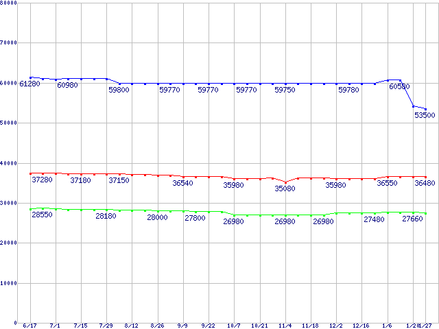 | LGA 775 (FSB 800MHz,L2 1MB×2,Dual Core,EM64T対応)の最安値推移 | | | (2005年6月17日~2006年1月27日) |
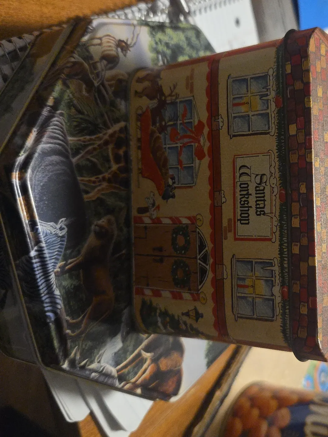It's a festive tin featuring a charming Santa's Workshop design. The inside shows a wild animal scene. It's perfect for storing holiday treats or keepsakes!
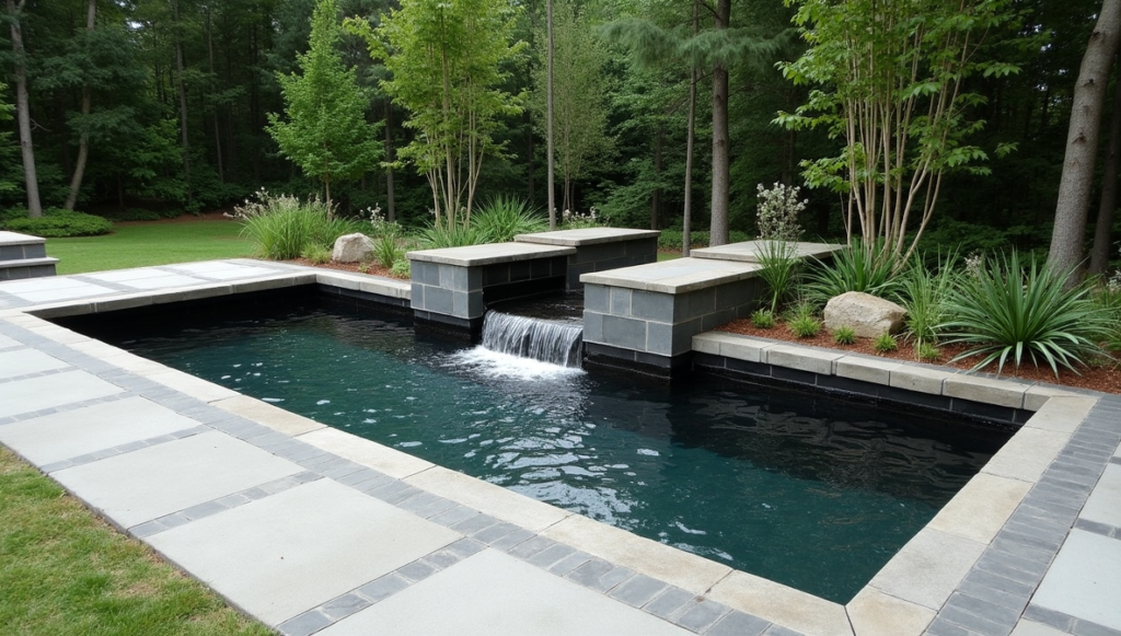 For a contemporary look, a rectilinear pond with sharp edges offers a clean aesthetic. Construct the frame with masonry blocks or treated timber, line with EPDM, and cap with smooth stone or porcelain pavers. A stainless steel blade weir creates a dramatic water sheet that is both quiet and striking.
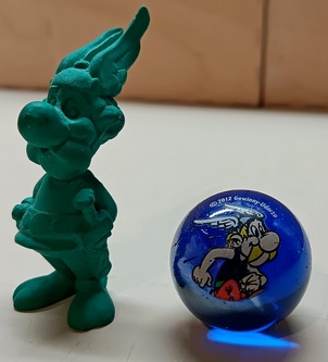 Gummi Figur + Glaskugel![]() grüne Asterix (Radier)-Gummi Figur Pelikan 1991 Größe : 6 cm hoch, guter Zustand und Asterix Werbe-Glaskugel ca. 2,5 cm Durchmesser Preis : zus. 5 € + Versand |
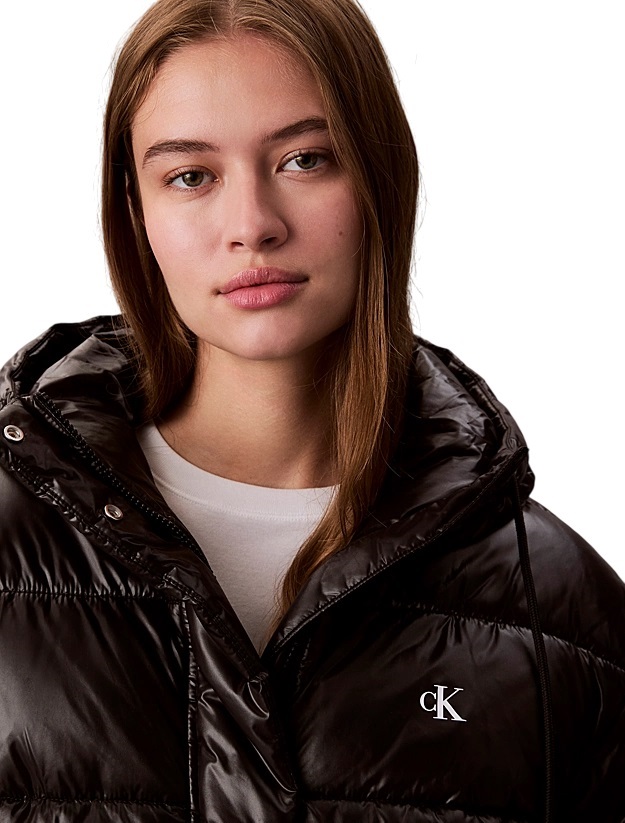 Con una finitura lucida ed elegante, questo piumino con cappuccio assicura stile ed eleganza anche nelle giornate fredde.

Task statement: Leave the pictures out, and copy exactly each line from the one containing "Gummi Figur +" through the final line of the data.

Task response:
 Gummi Figur + Glaskugel![]() grüne Asterix (Radier)-Gummi Figur Pelikan 1991 Größe : 6 cm hoch, guter Zustand und Asterix Werbe-Glaskugel ca. 2,5 cm Durchmesser Preis : zus. 5 € + Versand |
 Con una finitura lucida ed elegante, questo piumino con cappuccio assicura stile ed eleganza anche nelle giornate fredde.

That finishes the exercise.